Our academic year
Mandatory core courses (total 15 ECTS)
Data Science (first trimester)
This course introduces fundamental concepts and mathematical tools in data science, with the aim of preparing students for data processing in computational biomedicine. Specifically, the following topics will be covered: 1) Hypothesis testing; 2) Dimensionality reduction, using machine learning algorithms such as manifold learning, unsupervised learning and principal components analysis; 3) Classification, supervised learning and decision making processes; 4) Applications in Big Data, involving methods such as deep learning. See detailed study plan.
Research Methodology (first trimester)
This course covers the major considerations and tasks involved in conducting scientific research. It reviews the graduate studies research context, skills and methodologies. It furthermore introduces the essential aspects in research proposal writing and research reporting. See detailed study plan.
Research and Science Seminars (first, second, third trimester, 2+2+1 ECTS)
Subject of this course are regular organized interactions between the master students and members of their research group. Apart from the supervisor these will be doctoral students, postdoctoral researchers and other senior professors. These interactions include the joined discussion of ongoing scientific projects of different group members as well as the discussion and analysis of scientific articles by others. Master students will make regular presentations on their progress, summarize scientific articles in the reading groups, etc.
Elective courses (total 20 ECTS)
Students can potentially take external elective courses offered by others MSc and BSc degrees of our Departments. Important: Since these courses are from other degrees it cannot be guaranteed that places are available. Furthermore, it cannot be guaranteed that the schedules of these courses are compatible with those of our courses. Availability and schedule compatibility must be checked before enrollment. See full list of external courses.
Quantitative Cell Biology (first trimester)
Current genomic technologies generate large amounts of data that quantify the expression of thousands of genes in single cells, spearheading the entry of the field of cell biology into the era of big data.
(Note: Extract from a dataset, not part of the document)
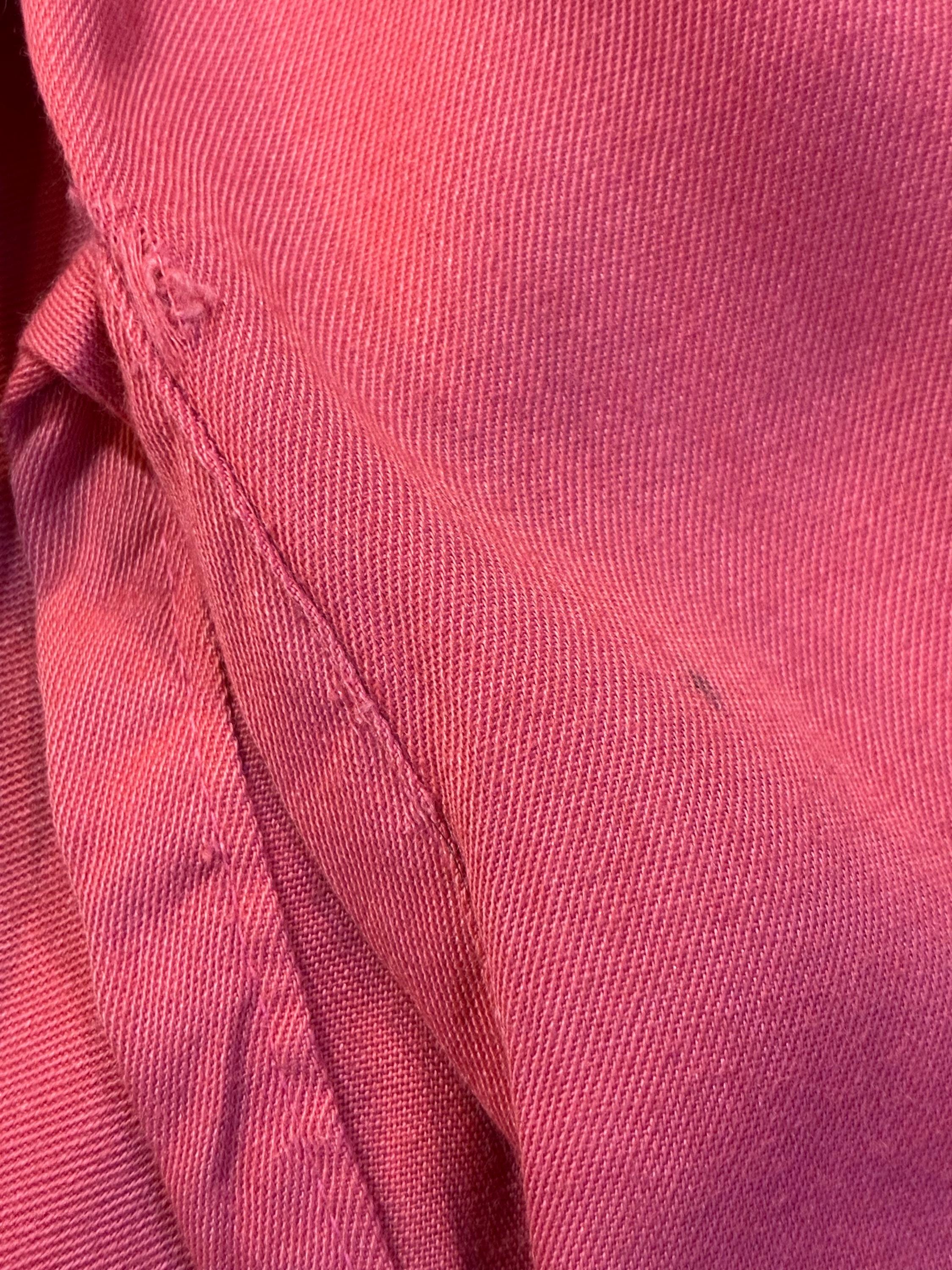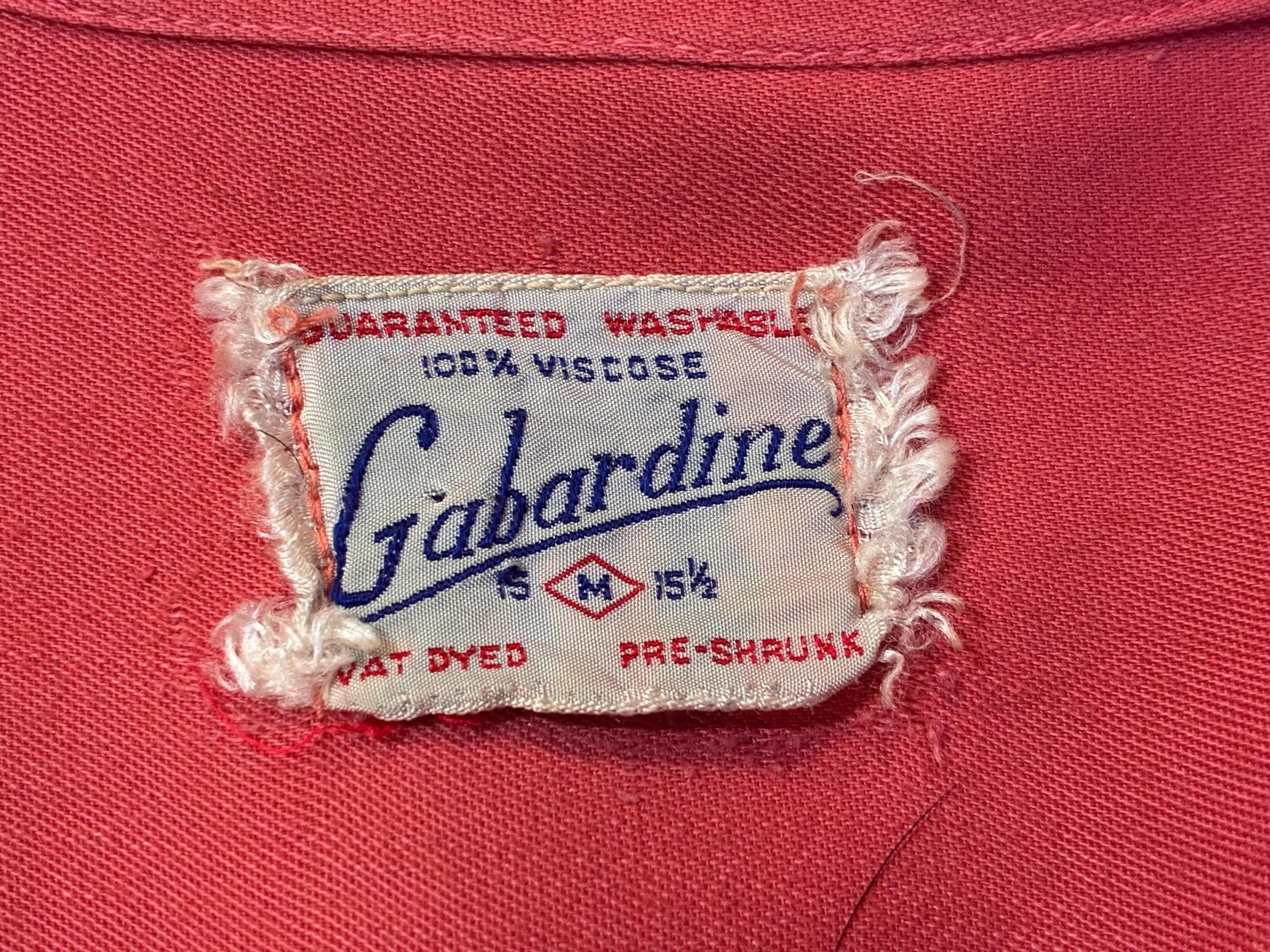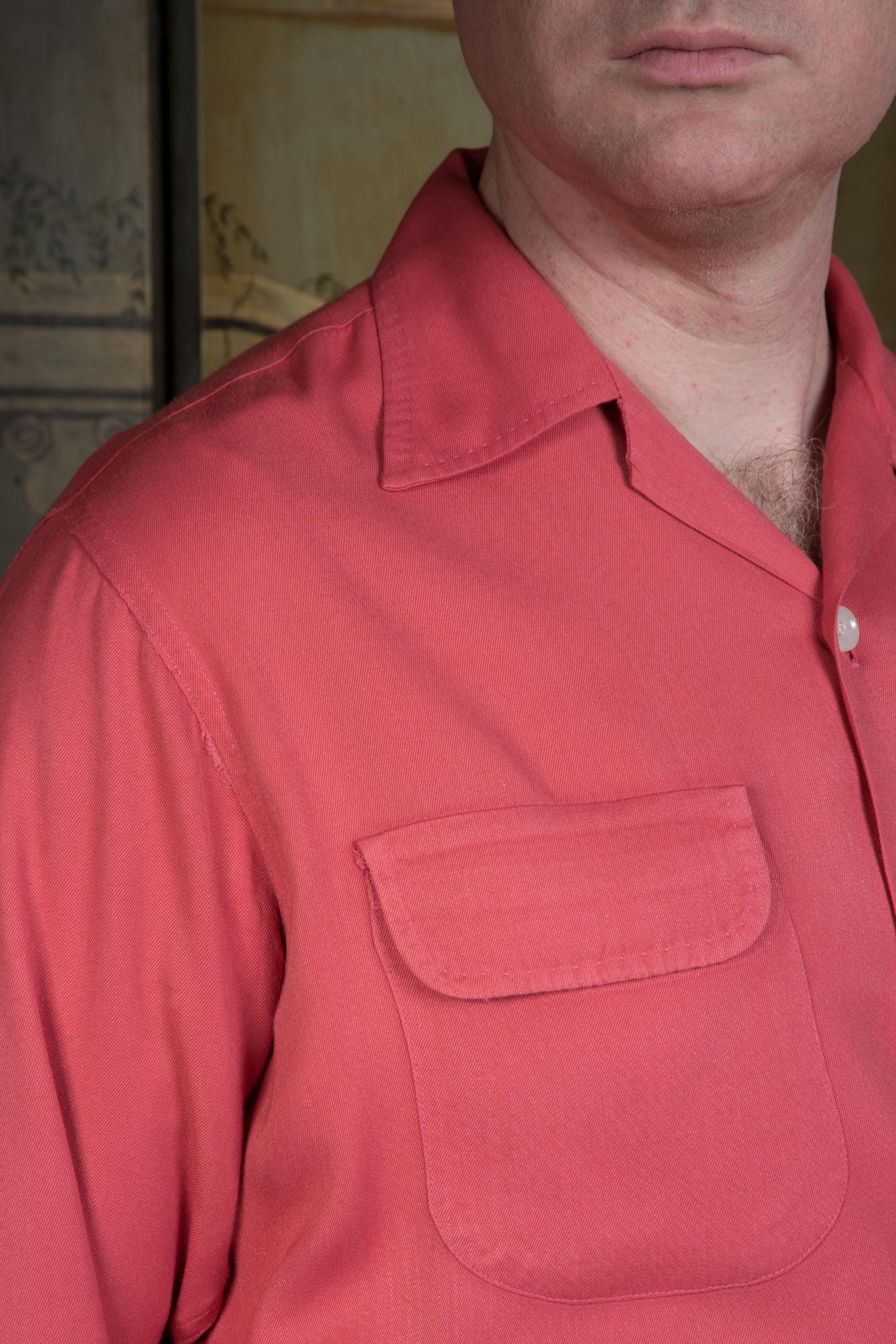 Vintage 1950s gabardine sportshirt is soft with a heavy drape, made in a saturated rosy coral or salmon hue. Has a wide top stitched collar with a loop, and two top stitched flap pockets, and full length sleeves. Killer color made of super soft, drapey rayon.

This information is crucial to understand how cells coordinate their behavior to form multicellular organisms (such as human beings) and regulate their functioning in both health and disease. This course provides an overview of the statistical and modeling methods that are being developed to extract and interpret information from genome-wide single-cell data. The methods include principal component and cluster analyses, machine-learning approaches to detect patterns within the data, and Bayesian inference for model selection, among others. The course will have a strong practical component, making use of a variety of genomic and proteomic databases. See detailed study plan.
Computational Bioelectromagnetism (second trimester)
Description and use of computational tools for solving bioelectricity and bioelectromagnetism problems. Problems tackled by biomedical engineers and researchers within these areas will be presented and related practical exercises will be performed using available software platforms. See detailed study plan.
Advanced Biosignal Analysis (second trimester)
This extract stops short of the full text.